Городская Машина немедленно возьмется за решение задачи и будет решать ее методически. Она сразу же подключит к делу машины, способные произнести три слова в секунду. Другим машинам будет отдано распоряжение удостовериться, что не будет повторений.
И она не станет действовать одним только методом проб и ошибок. Вначале машина попытается определить, что он вероятнее всего может сказать. Первым делом она проанализирует эти ответы. Что ж, она знает о нем много, но не все, и в этом суть. Машина взяла на себя труд узнать о нем, или о любом другом, лишь то, что поможет ей предсказать в общем, как он впишется в общество. А он не вписался.
Холлоуэй выключил свет. Пол был твердый, но его это не волновало. Он был надежно защищен простой математической составляющей проблемы.
Фред проснулся от ощущения вибрации. Он заморгал, прогоняя сон. Узнать источник вибрации не составило труда: три слова в секунду выкрикивались в контактную зону. С этой стороны двери они различались только как слабые колебания.
Он взглянул на время. Прошло восемь часов. Машина проработала меньше тридцати тысяч комбинаций. Этот аргумент должен быть вполне убедительным.
Он сделал маленький глоток воды. Осталось не так много, и ему надо быть экономным. Еды тоже нет. Он про нее забыл. Но Городская Машина об этом не знает.
Холлоуэй зевнул, включил свет и оглядел оставшееся оборудование. Оно было почти готово к работе. Тут немного подогнать, там чуть-чуть подрегулировать, и все будет на мази. Он подкатил маленькую машину к коммуникационному кабелепроводу, установив ее под нужным углом и на некотором расстоянии от огромной легированной трубы. Настроил механизм на слабый заряд и длительность в одну микросекунду. Снова зевнул и нажал кнопку включения.

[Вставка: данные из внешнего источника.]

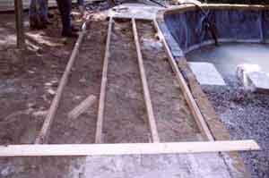 In het filtergedeelte wordt het pomphuis geplaatst. Een extra beschermvlies vermijdt beschadiging van de rubberfolie. Luchtslangetjes en elektrische leidingen worden tot bij het filtergedeelte gebracht. Dit pomphuis is een zo breed mogelijke pvc buis waarin we gaten boren. Hierin wordt de pomp geplaatst die het water wegzuigt. Terras Naast een zwemvijver hoort ook een plaats om uit te rusten, om te vertoeven, om na te genieten. Veelal wordt een in de nabijheid van een zwemvijver een terras aangelegd.
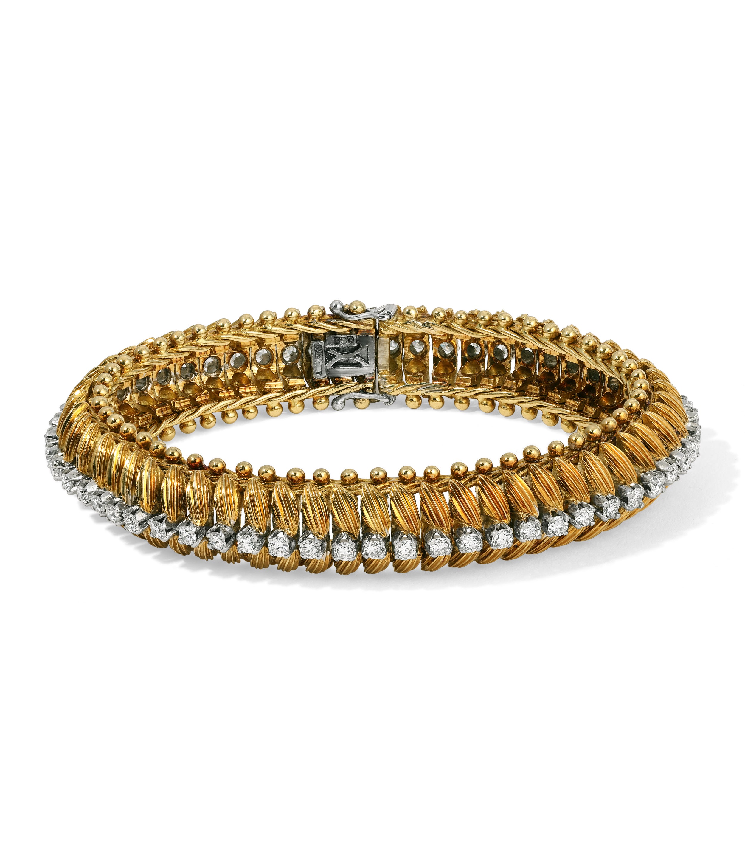 18k yellow gold, 4 links, mirror-finish. Length 7 1/4 inches. Width 5/8 inch. Total weight: 69.00 grams.

— Это саботаж, — произнес голос сквозь дверь. Это был не советник, и не полицейский робот, хотя, без сомнения, он говорил через робота. Невозможно было ошибиться в том, что с ним говорит сама Городская Машина, далекая, таинственная и бездушная. Вот теперь можно перейти к делу.
— Я должен был привлечь твое внимание.
— Ты мог бы заговорить. Я слушала, как ты там перемещаешься.
Холлоуэй улыбнулся. Машина слушала с тех пор, как прибыл полицейский робот, но ничего не говорила до сих пор.
— Это хорошо. Возможно, ты желаешь обсудить условия.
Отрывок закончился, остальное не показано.